Friday, October 16, 2020

A Truffling Matter

Blogging is a bit like hunting for truffles, but without the truffle dog. (Or the truffle hog.) Sometimes I sit at my PC and I know what I want to write about. I have a subject. I want to make a point. I have the narrative in my head and I know where I want it to go. But often I sit at the PC and I don't have any idea of what to write about. I may think for a while, or I may surf the Web until I stumble upon something that intrigues me. Then the fun begins. As I wrote in my previous post, "Writing them is like following a creek in the woods—I never know what direction they'll take next."

For example, take this blog post. I had a narrative in my head for it. I knew where I was going. But then a long WhatsApp conversation intervened and obliterated it. I can only remember that at one point I was going to write, "And I don't even own a truffle slicer." But I don't know what came before or after. 

However, while I'm on the subject, if you want to buy a truffle slicer (a.k.a. truffle shaver, and by the way they work well on mushrooms, too) you may pay over $70, or less than $2, and Amazon may give you a freebie if you buy a half ounce of Italian white truffle for $110. Yes folks, if pigs were as scarce as truffles, many of us could not afford bacon.

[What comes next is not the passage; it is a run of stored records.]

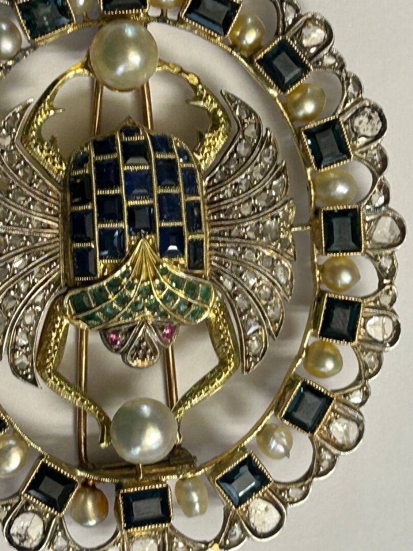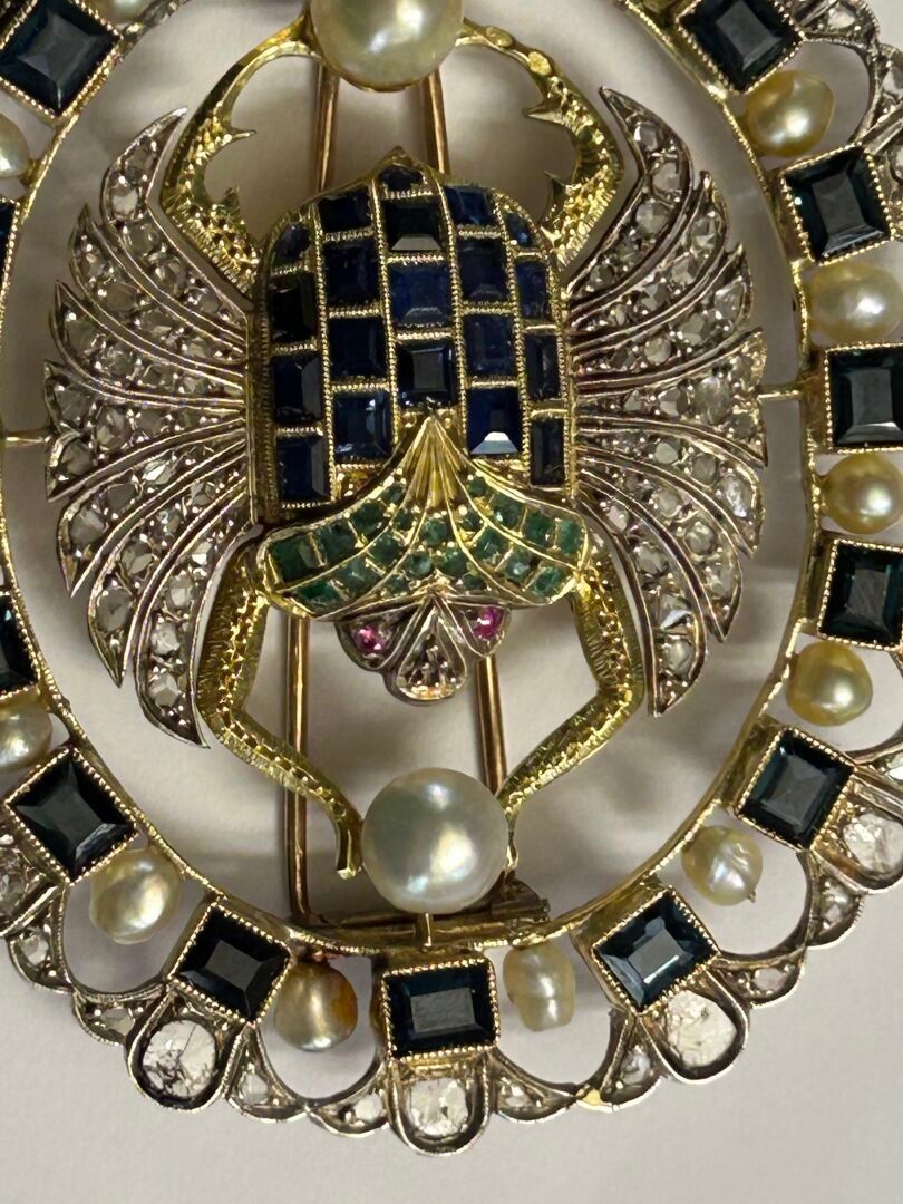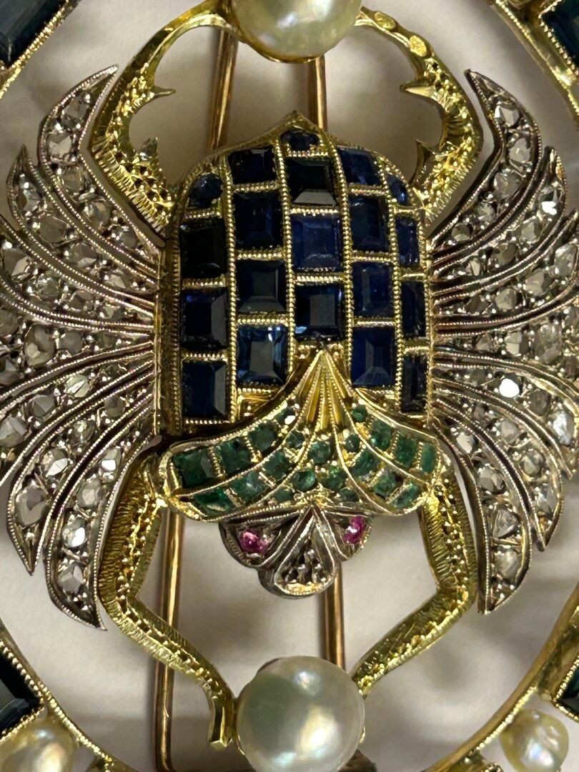 Broche en or et argent ornée de cabochons d'émeraudes - Bijoux d'exception
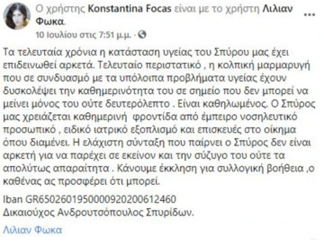 «Τα τελευταία χρόνια η κατάσταση υγείας του Σπύρου μας έχει επιδεινωθεί αρκετά. Τελευταίο περιστατικό , η κολπική μαρμαρυγή που σε συνδυασμό με τα υπόλοιπα προβλήματα υγείας έχουν δυσκολέψει την καθημερινότητα του σε σημείο που δεν μπορεί να μείνει μόνος του ούτε δευτερόλεπτο . Είναι καθηλωμένος. Ο Σπύρος μας χρειάζεται καθημερινή φροντίδα από έμπειρο νοσηλευτικό προσωπικό , ειδικό ιατρικό εξοπλισμό και επισκευές στο οίκημα όπου διαμένει. Η ελάχιστη σύνταξη που παίρνει ο Σπύρος δεν είναι αρκετή για να παρέχει σε εκείνον και την σύζυγο του ούτε τα απολύτως απαραίτητα . Κάνουμε έκκληση για συλλογική βοήθεια ,ο καθένας ας προσφέρει ότι μπορεί.
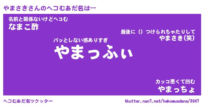 | ファンタジー風あだ名 | 『ヤマフェル』『エターナルヤマサキー』 |
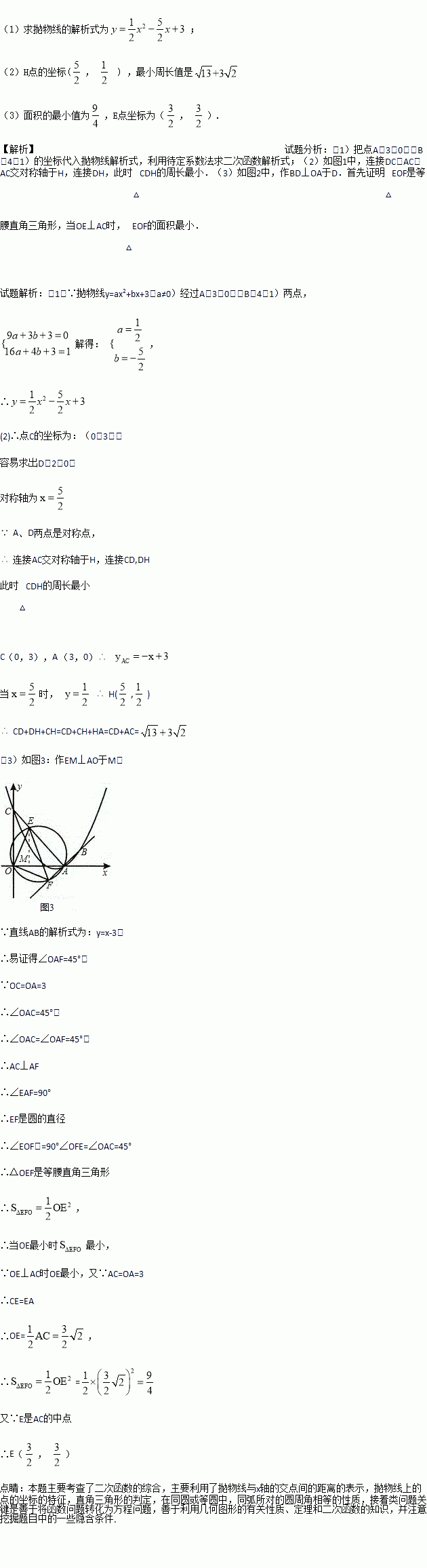 (3)如图2,连接AC,E为线段AC上任意一点(不与A、C重合),经过A、E、O三点的圆交直线AB于点F,当△OEF的面积取得最小值时,求面积的最小值及E点坐标。

"Hello, waiter. How much for the bacon-burger?"

"That will be $115."

"How much for just the burger?"

"Five dollars."

"I'll take the burger."

"Fine. Would you like fries with that?"

"Uh ... how much for the fries?"

Truffle Dog Has Questions

I've never eaten truffles. I told a friend that I wouldn't pay that much for a half ounce of food even if it, well, you know. You know?! There is no food that tastes so good that I would pay $110 for a half ounce. Besides, with my luck I'd fumble the slicing tool and the lump of truffle would fall to the kitchen floor, whereupon a large fly would immediately land on it. And you're not supposed to cook truffles because it ruins their flavor. I would retrieve the truffle from the kitchen floor, brush away the fly, and... No, it's not worth it. But readers, if you've eaten truffles, tell the rest of us what we've missed. And be as descriptive as possible. Did your taste buds have an orgasm? Other than having bragging rights to eating something that was buried in dirt in the woods and found by a dog (or a hog), what was your reward?

1 comment:

Anonymous said...

Wow. Think my stomach will appreciate more a hot dog than a truffle. Is like to buy a 30 grams of caviar for £70.